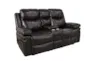 The Kellen Brown Faux Leather Manual Reclining Console Loveseat offers a perfect blend of comfort and style for your living space. Upholstered in rich brown faux leather, this casual loveseat features pocket coil seating and a hardwood plywood frame for durability. The adjustable headrest and tight back design ensure maximum relaxation.
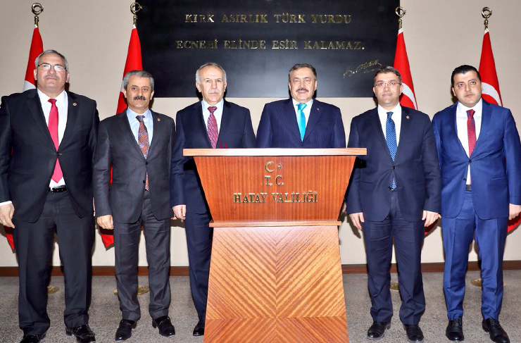 Bakan Eroğlu’na Valilik ziyaretinde Ak Parti Hatay Milletvekilleri Orhan Karasayar, Adem Yeşildal ve Ak Parti Hatay İl Başkanı Ahmet Atıç da eşlik etti. (Haber: Helga TERBİYELİ)
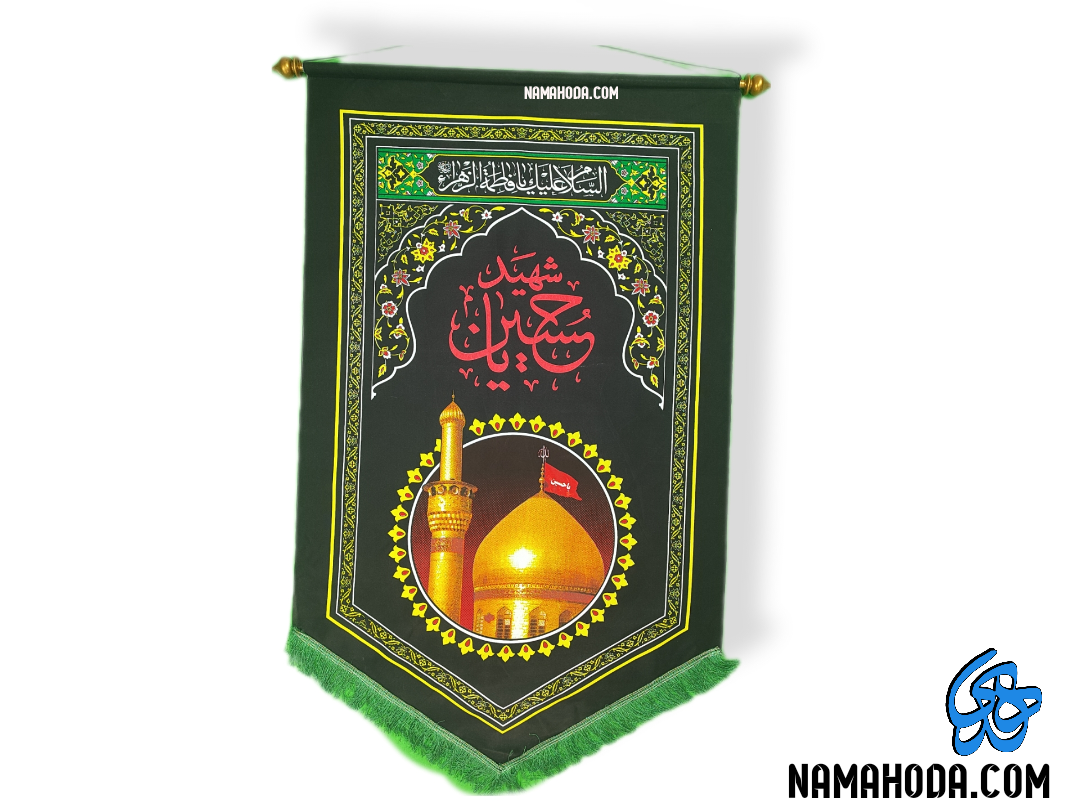 پلاکارد عمودی چهارسلام با طرح گنبد و سلام زیارت عاشورا 160*90 دو سر جاچوب مناسب نصب در هیئات و درب منازل
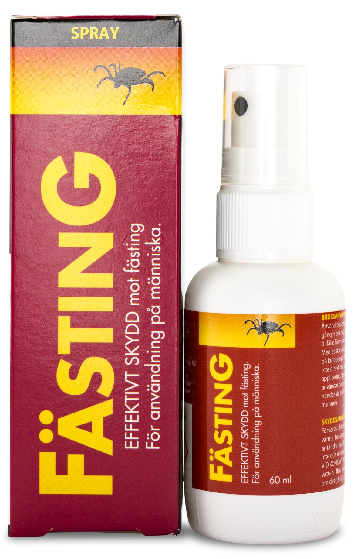 Fästingar är små leddjur som är nära besläktade med både kvalster och spindeldjur. För att utvecklas och genomgå sina olika faser så behöver fästingen suga blod. När en fästing biter oss människor så känns det knappt på grund av att de först sprutar in ett bedövande ämne. Under tiden som fästingen suger så kan den överföra sjukdomar som TBE och Borrelia till oss. Mot TBE finns ett vaccin och det är extra viktigt att du som bor i områden där det finns TBE vaccinerar dig. Då det gäller Borrelia så finns inget vaccin men du kan undvika smitta om du plockar bort fästingen så snabbt som möjligt. Det är därför väldigt viktigt att alltid leta efter fästingar så snart du vistats ute i skog och mark med högt gräs där fästingarna trivs. Använd också FästinG spray på utsatta områden som kring vrister och ben som inte täcks av kläder.
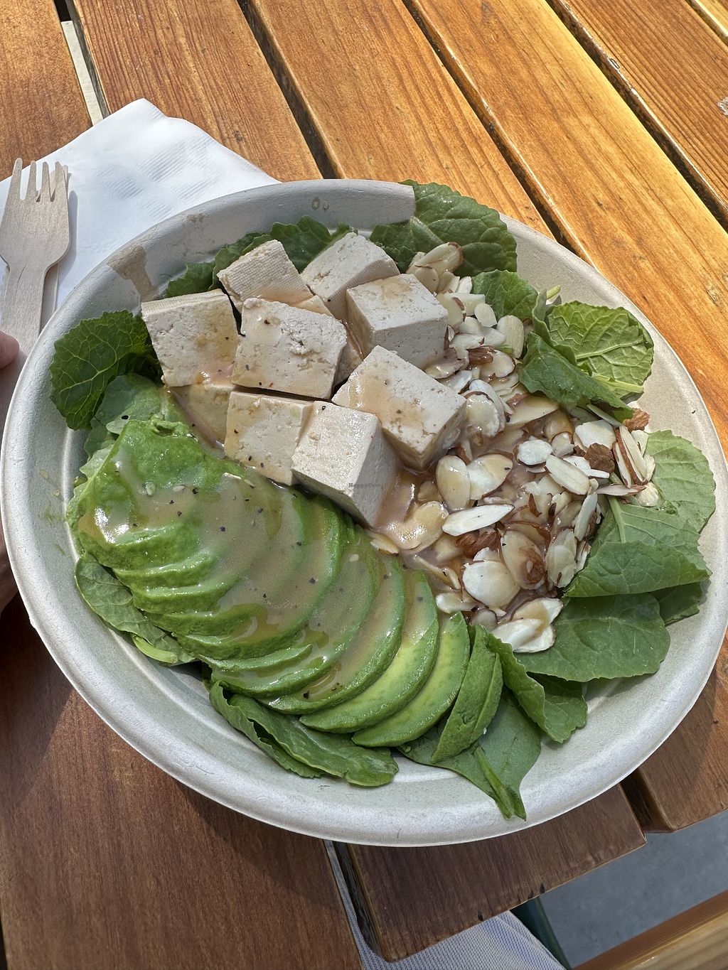 The cafe and store is located inside a popular shopping plaza. You order the food from the counter and sit outside in the courtyard to eat. It's basically fast food: burgers and sandwiches. We usually get the veggieburger or veggie sandwiches. Vegan options are limited, but the staff will accommodate upon request.
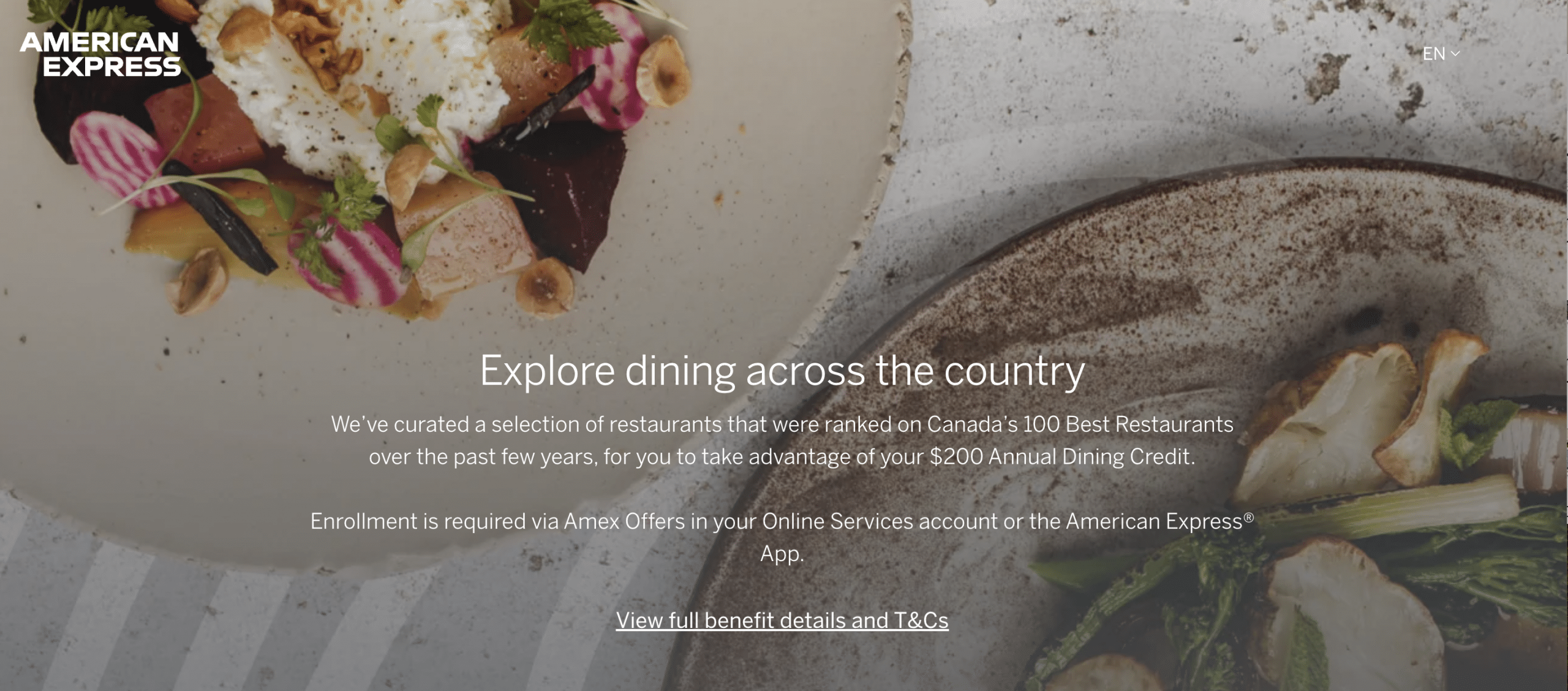 The $200 annual dining credit is exclusively available to be used at a restaurant selected from a list curated by Amex based on Canada’s Top 100 Restaurants.
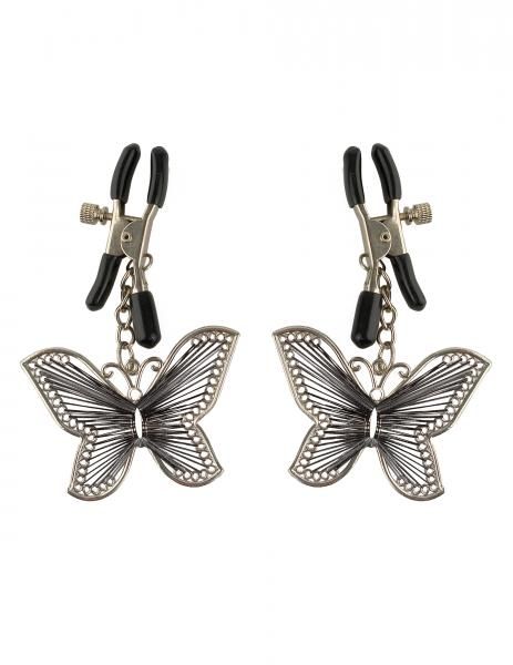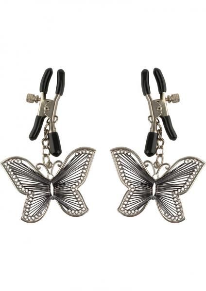 Make your nipples perk with pleasure with these beginner Pipedream Butterfly Nipple Clamps. Made with durable metal clips and covered in soft rubber liners, these clamps are perfect for beginners and fetish enthusiasts alike. The amount of pressure you apply to the nipple is adjustable by turning the screw, while the butterflies give you subtle stimulation with each movement.
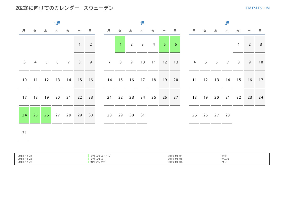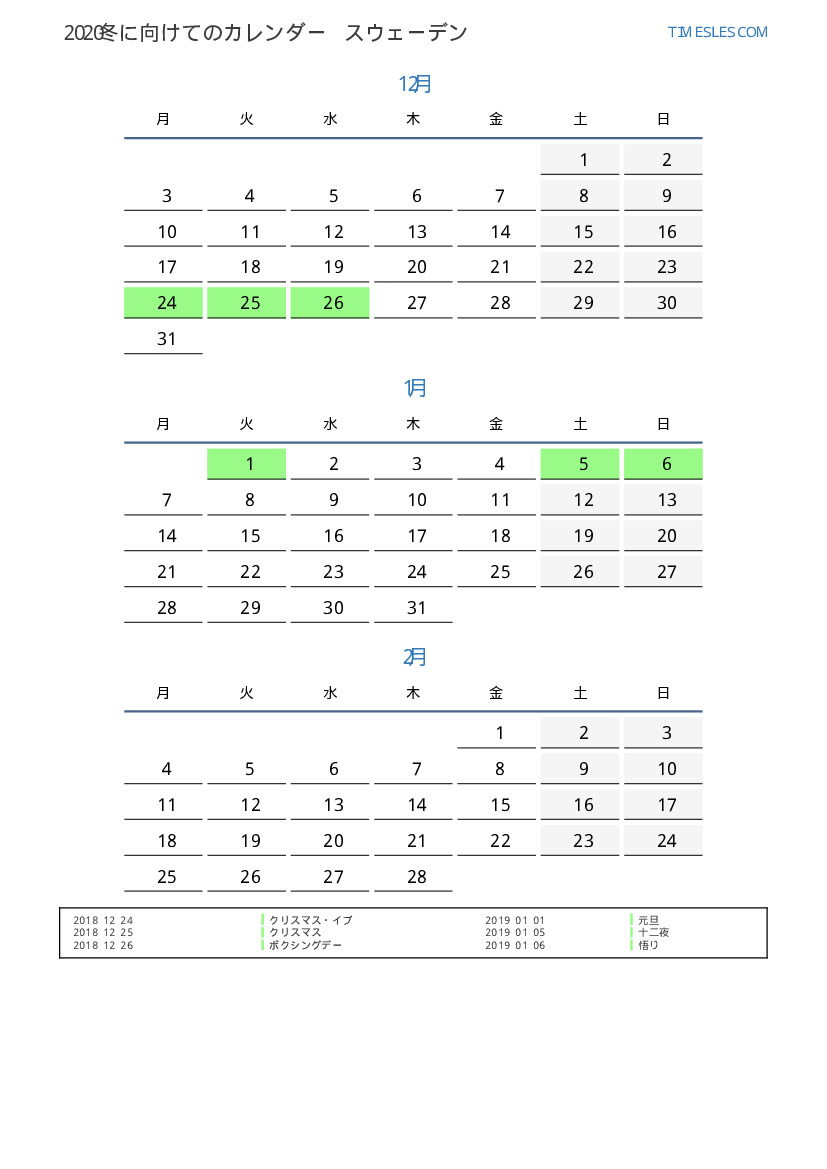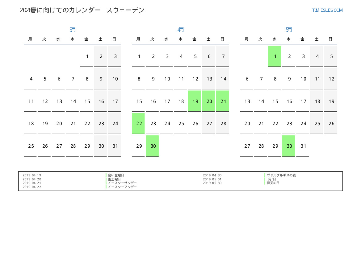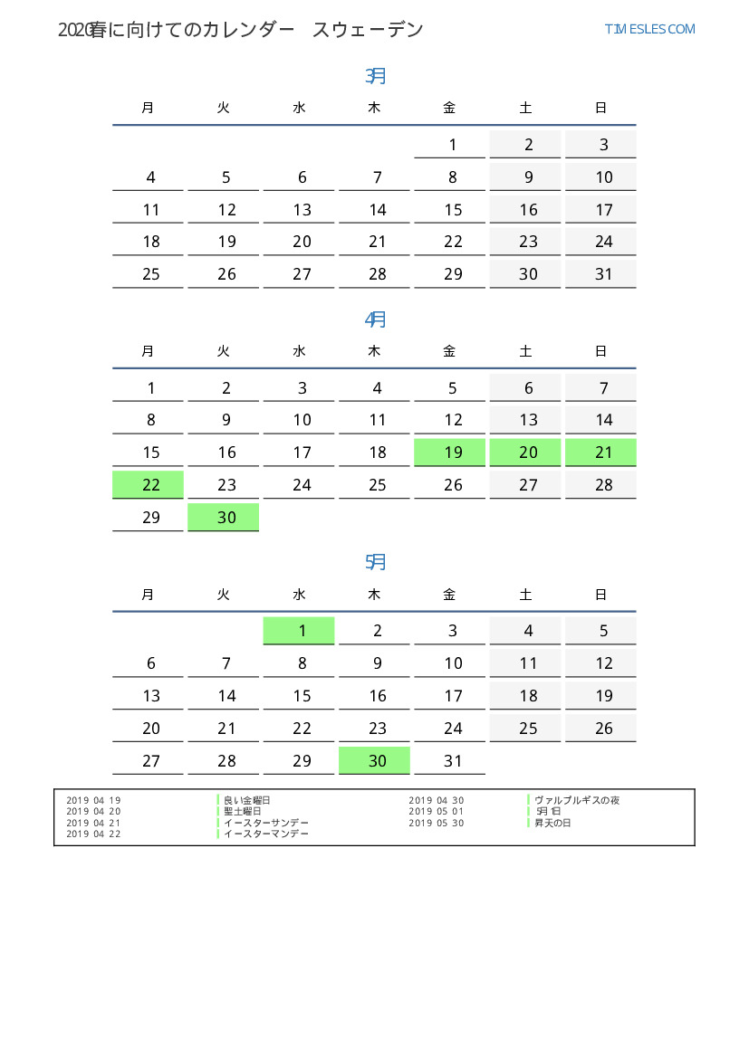 スウェーデン向け2019春に向けての休日と週末のカレンダー
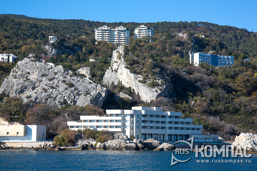 Смелый проект архитекторов Василевского, Стефанчука и конструктора Канчели был продиктован сложностью природных условия участка, выбранного под строительство международного санатория для советских и чешских трудящихся: крутой склон горы, сейсмичность в 9 баллов, разлом земной коры и наличием оползня. Для меня загадка, почему выбрали именно эту местность? Однако результат впечатляет. Присмотритесь к основанию здания: оно парит в воздухе, потому что вся нагрузка от него сосредоточена и передается скале через три башенные опоры. Рассказывают, что когда возвели опорные башни, их заметили на противоположном берегу. И турки приняли появившиеся над побережьем опоры за строящийся ракетодром! Даже пришлось давать официальный ответ морским соседям. Гостиничные номера расположили по периметру кольца диаметром 76 метров, и все они выходят окнами на море. Внутри здания много света из-за использования стекла и металлоконструкций, которые были возведены при участии чешских строителей из чешских же материалов. Даже отопление и горячее водоснабжение в санатории необычное - для подогрева воды используется тепловая энергия моря. И вот впереди показался мыс Ай-Тодор. Название мыса дано по находившемуся здесь древнеримскому монастырю Теодора Тирна. Мыс состоит из трёх скалистых отрогов - левого (восточного) Лимен-Буруна (греческого "Мыс гавани"), среднего Монастыр-Буруна, где находится Аврорина скала с замком "Ласточкино гнездо", и западного Ай-Тодорского отрога с руинами крепости Харакс, маяком и имением великого князя Михаила Николаевича Романова, брата императора Александра II. Сначала проплываем мимо мыса Лимен-Бурун, на вершине которого построена обзорная площадка, а чуть ниже установлена скульптура орла. У подножия Лимен-Буруна видная живописно торчащая из воды одинокая скала Парус. До землетрясения 1927 года Парус соединялся с мысом Лимен-Бурун каменным перешейком, который не выдержал земных толчков и обрушился в море.

------------------------

• **Task to complete**
Please return all of the material above exactly, minus any pictures.

• **Your solution**
 The Kellen Brown Faux Leather Manual Reclining Console Loveseat offers a perfect blend of comfort and style for your living space. Upholstered in rich brown faux leather, this casual loveseat features pocket coil seating and a hardwood plywood frame for durability. The adjustable headrest and tight back design ensure maximum relaxation.
 Bakan Eroğlu’na Valilik ziyaretinde Ak Parti Hatay Milletvekilleri Orhan Karasayar, Adem Yeşildal ve Ak Parti Hatay İl Başkanı Ahmet Atıç da eşlik etti. (Haber: Helga TERBİYELİ)
 پلاکارد عمودی چهارسلام با طرح گنبد و سلام زیارت عاشورا 160*90 دو سر جاچوب مناسب نصب در هیئات و درب منازل
 Fästingar är små leddjur som är nära besläktade med både kvalster och spindeldjur. För att utvecklas och genomgå sina olika faser så behöver fästingen suga blod. När en fästing biter oss människor så känns det knappt på grund av att de först sprutar in ett bedövande ämne. Under tiden som fästingen suger så kan den överföra sjukdomar som TBE och Borrelia till oss. Mot TBE finns ett vaccin och det är extra viktigt att du som bor i områden där det finns TBE vaccinerar dig. Då det gäller Borrelia så finns inget vaccin men du kan undvika smitta om du plockar bort fästingen så snabbt som möjligt. Det är därför väldigt viktigt att alltid leta efter fästingar så snart du vistats ute i skog och mark med högt gräs där fästingarna trivs. Använd också FästinG spray på utsatta områden som kring vrister och ben som inte täcks av kläder.
 The cafe and store is located inside a popular shopping plaza. You order the food from the counter and sit outside in the courtyard to eat. It's basically fast food: burgers and sandwiches. We usually get the veggieburger or veggie sandwiches. Vegan options are limited, but the staff will accommodate upon request.
 The $200 annual dining credit is exclusively available to be used at a restaurant selected from a list curated by Amex based on Canada’s Top 100 Restaurants.
 Make your nipples perk with pleasure with these beginner Pipedream Butterfly Nipple Clamps. Made with durable metal clips and covered in soft rubber liners, these clamps are perfect for beginners and fetish enthusiasts alike. The amount of pressure you apply to the nipple is adjustable by turning the screw, while the butterflies give you subtle stimulation with each movement.
 スウェーデン向け2019春に向けての休日と週末のカレンダー
 Смелый проект архитекторов Василевского, Стефанчука и конструктора Канчели был продиктован сложностью природных условия участка, выбранного под строительство международного санатория для советских и чешских трудящихся: крутой склон горы, сейсмичность в 9 баллов, разлом земной коры и наличием оползня. Для меня загадка, почему выбрали именно эту местность? Однако результат впечатляет. Присмотритесь к основанию здания: оно парит в воздухе, потому что вся нагрузка от него сосредоточена и передается скале через три башенные опоры. Рассказывают, что когда возвели опорные башни, их заметили на противоположном берегу. И турки приняли появившиеся над побережьем опоры за строящийся ракетодром! Даже пришлось давать официальный ответ морским соседям. Гостиничные номера расположили по периметру кольца диаметром 76 метров, и все они выходят окнами на море. Внутри здания много света из-за использования стекла и металлоконструкций, которые были возведены при участии чешских строителей из чешских же материалов. Даже отопление и горячее водоснабжение в санатории необычное - для подогрева воды используется тепловая энергия моря. И вот впереди показался мыс Ай-Тодор. Название мыса дано по находившемуся здесь древнеримскому монастырю Теодора Тирна. Мыс состоит из трёх скалистых отрогов - левого (восточного) Лимен-Буруна (греческого "Мыс гавани"), среднего Монастыр-Буруна, где находится Аврорина скала с замком "Ласточкино гнездо", и западного Ай-Тодорского отрога с руинами крепости Харакс, маяком и имением великого князя Михаила Николаевича Романова, брата императора Александра II. Сначала проплываем мимо мыса Лимен-Бурун, на вершине которого построена обзорная площадка, а чуть ниже установлена скульптура орла. У подножия Лимен-Буруна видная живописно торчащая из воды одинокая скала Парус. До землетрясения 1927 года Парус соединялся с мысом Лимен-Бурун каменным перешейком, который не выдержал земных толчков и обрушился в море.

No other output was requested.